"Kak, aku boleh berteduh di sini?"
"Boleh, silakan duduk!"
"Terima kasih, Kak."
"Iya, sama-sama."
Ia pun duduk di kursi sebelahku dengan memangku kedua tangannya yang tengah bergenggaman. Mungkin, ia tengah menahan dingin. Lantas aku berinisiatif membuatkan ia teh manis hangat.
"Aku tinggal masuk sebentar, ya?" ucapku sambil berdiri dari kursi.
"Iya, Kak."
Aku pun berjalan menuju dapur untuk membuat teh manis hangat.
"Iya, Kak. Terima kasih banyak, Kak."
Ia pun meminumnya perlahan.
"Oh, iya. Nama kamu siapa?" tanyaku dengan memandangi ia tengah minum.
[Duh, hasrat buayaku meronta-ronta saat melihat bibirnya yang kian menggiurkan usai terbasuh teh hangat yang kusuguhkan.]
"Ifah, Kak. Kalau nama Kakak?"
"Namaku Fata."
"Oh, Fata. Kalau nama panjangnya, Kak?"
"Fatahillah. Kalau nama panjangmu?"
"Latifah, Kak."
"Oh, Latifah. Nama yang cantik, secantik orangnya," ucapku seraya merayunya, tetapi ia hanya tersenyum manja.
"Oh, iya. Kamu dari mana dan mau ke mana?" tanyaku dengan rasa penasaran.
Namun, ia tak langsung menjawabnya. Buliran bening lebih dulu meluruh dari sudut netra, membasuh pipinya yang merona sayu.
"Loh, kok kamu nangis? Aku salah dalam hal bertanya, ya? Maaf, ya," ucapku yang tak tega melihat ia menangis.
[Ingin rasanya kusapu kesedihan dan air matanya. Ah, hasrat buayaku meronta.]
"Ngak, kok, Kak. Kakak ngak salah, kok," jawabnya seiring mengusap perlahan air matanya.

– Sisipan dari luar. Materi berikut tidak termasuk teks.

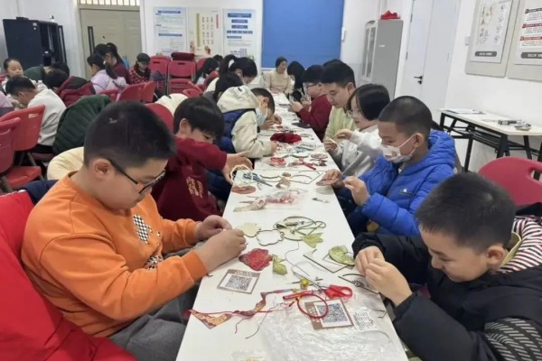 在随后的手工环节,青少年们全神贯注,化身小小手艺人,投入到风铃的制作中。裁剪、穿缀、系结、固定,每一个步骤都小心翼翼,偶尔相互交流技巧、分享创意,现场欢声笑语不断,暖意融融。

"Pertanyaanku tadi ngak usah dijawab ngak apa, kok," ucapku sembari masih taat memandangi wajah sayunya.
[Duh, tengah bersedih aja wajahnya masih terlihat amat memesona.]
"Gini, Kak. Aku tinggal di kampung sebelah, aku ke kampung ini untuk menghadiri pernikahan Reno. Dia mantan aku, Kak."

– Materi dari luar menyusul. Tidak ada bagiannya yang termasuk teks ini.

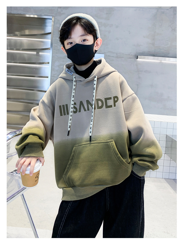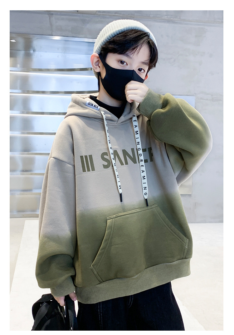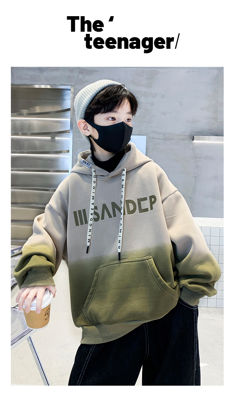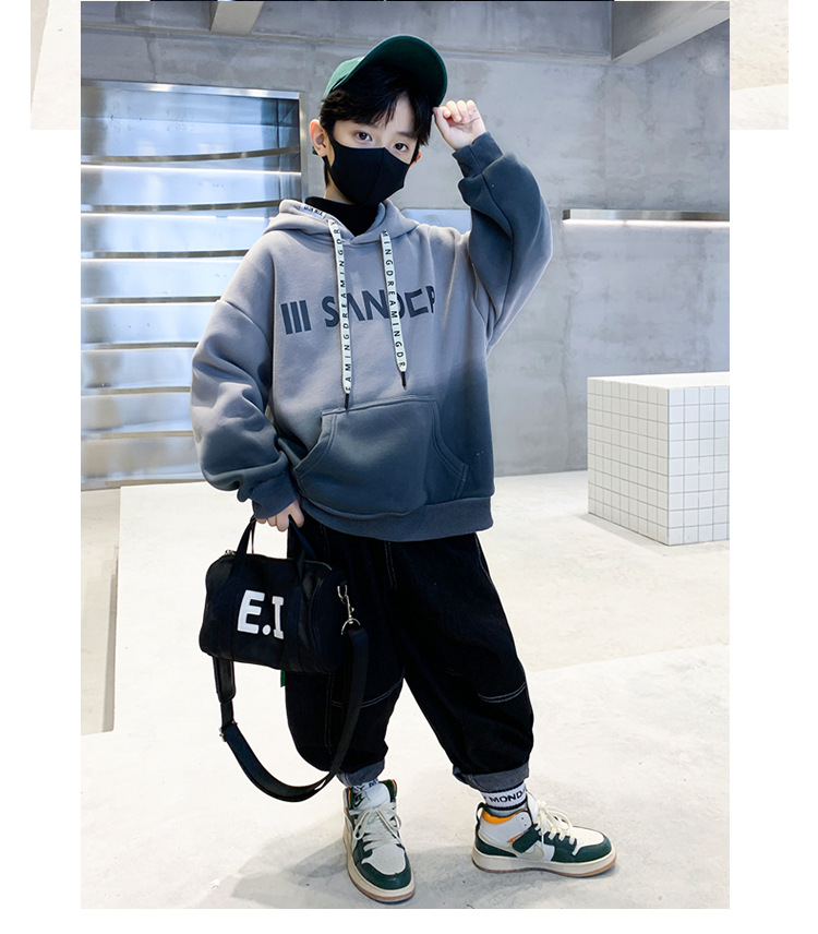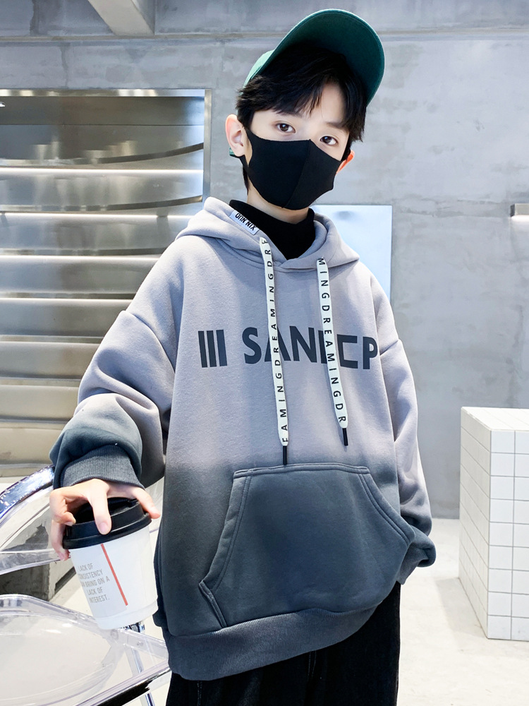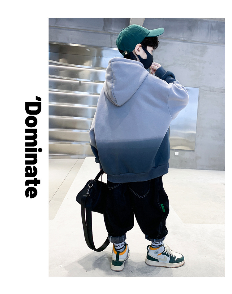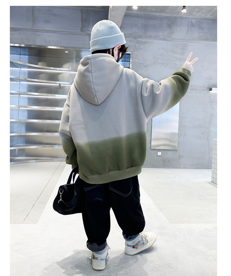 Zhenbao 아동 의류 어린이 늦은 가을과 겨울 옷 소년 매달려 염색 기모 두꺼운 후드 운동복 높은 상품 중형 및 대형 어린이 패션스토어 가기

"Oh, Reno anaknya Pak Tarno?"
"Iya, Kak."
"Terus, terus?" tanyaku penasaran.
"Lalu aku keluar dari acara itu, Kak. Aku ngak kuat lihat dia tengah bersanding dengan orang lain. Aku jalan aja mengikuti langkah kaki, akhirnya sampai di sini." jelas Ifah yang masih meneteskan air mata.
"Kamu tadi ke acara itu sendiri?" tanyaku yang masih penasaran.
"Enggak, Kak. Tadi aku sama temen, namanya Sita, tapi aku pergi tanpa sepengetahuannya."
"Oh, gitu."
Aku pun menggeser kursiku untuk lebih dekat dengannya. Lantas kusapu air mata di pipinya dengan tanganku, karena aku sudah tak kuat lagi melihatnya bersedih. Ia pun hanya terdiam pasrah. Mungkin, ia memang butuh seseorang untuk menghapus kesedihannya.
"Yuk, masuk ke dalam! Ngak enak kalau dilihat orang. Kebetulan bapak aku juga menghadiri acara pernikahannya Reno, karena bapakku dan ayahnya Reno temenan. Jadi rumah sepi, ngak ada orang," ajakku dengan nada merayu dan menggenggam mesra tangannya.
"Baik, Kak," jawabnya, dengan nada pasrah.
Aku pun membantunya berdiri, lalu kami masuk seiring kupeluk pinggangnya.
"Cepat bangun! Mau aku siram lagi? Sudah siang ini, kamu ngak kerja apa?" teriak bapakku sambil membawa gayung.
Aku pun beranjak pergi dari kamarku, meninggalkan mimpi semalam yang tergeletak begitu saja di angan, dan bergegas ke kamar mandi sebelum berangkat menjemput mimpi-mimpi lain yang masih berantakan.